Fundamental of Computer Vision Problem Set 0
Hello, dear friend, you can consult us at any time if you have any questions, add WeChat: daixieit
Fundamental of Computer Vision
Problem Set 0
The Image Processing Pipeline
Instructions
1. Submissions: Your report containing the written answers should be saved in a file named: FirstName_LastName_PS0. Please submit your code and input/output images in a zip file named: FirstName_LastName_PS0_matlab.zip if using Matlab or FirstName_LastName_PS0_python.zip if using Python. Please do not create subdirectories within the main directory. If plots are required, you must include them in your report (pdf or word file) and your code must display them when run. Points will be deducted for not following this requirement. Report must be submitted on canvas. Hard copies will not be accepted.
2. Integrity and collaboration: Students may collaborate with other students but each student needs to write and implement their own work . Please list the names of students you discussed the assignment with in your report.
3. File paths: Please make sure that any file paths that you use are relative and not absolute. Example: Do not use imread('/name/Documents/subdirectory/ps1/data/xyz.jpg') but imread('../data/xyz.jpg'). Make sure your code is bug- free and works out of the box. Please be sure to submit all main and helper functions. Points will be deducted if your code does not run out of the box.
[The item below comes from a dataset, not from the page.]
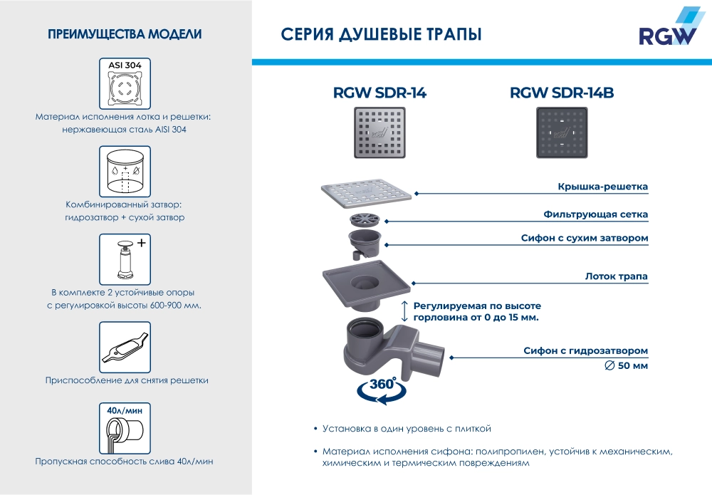 Купить Душевые трапы и лотки производства RGW (Германия), код товара: 211474 можно выгодно в Сантемо.ру:

The purpose of this assignment is to introduce you to Matlab as a tool for manipulating images. For this, you will build your own version of a very basic image processing pipeline. As we will see later in the class, the image processing pipeline is the sequence of steps that happens inside a camera, in order to convert a RAW image (roughly speaking, the values measured by the camera sensor) into a regular 8-bit image that you can display on a computer monitor or print on paper. There is a “Hints and Information” section at the end of this document that is likely to help. Uniquely to this assignment, we also provide a solution in the directory of the problem set ZIP file—but you should really, really first try to solve the assignment on your own, before looking at the solution. Though, you need to upload your solution on canvas.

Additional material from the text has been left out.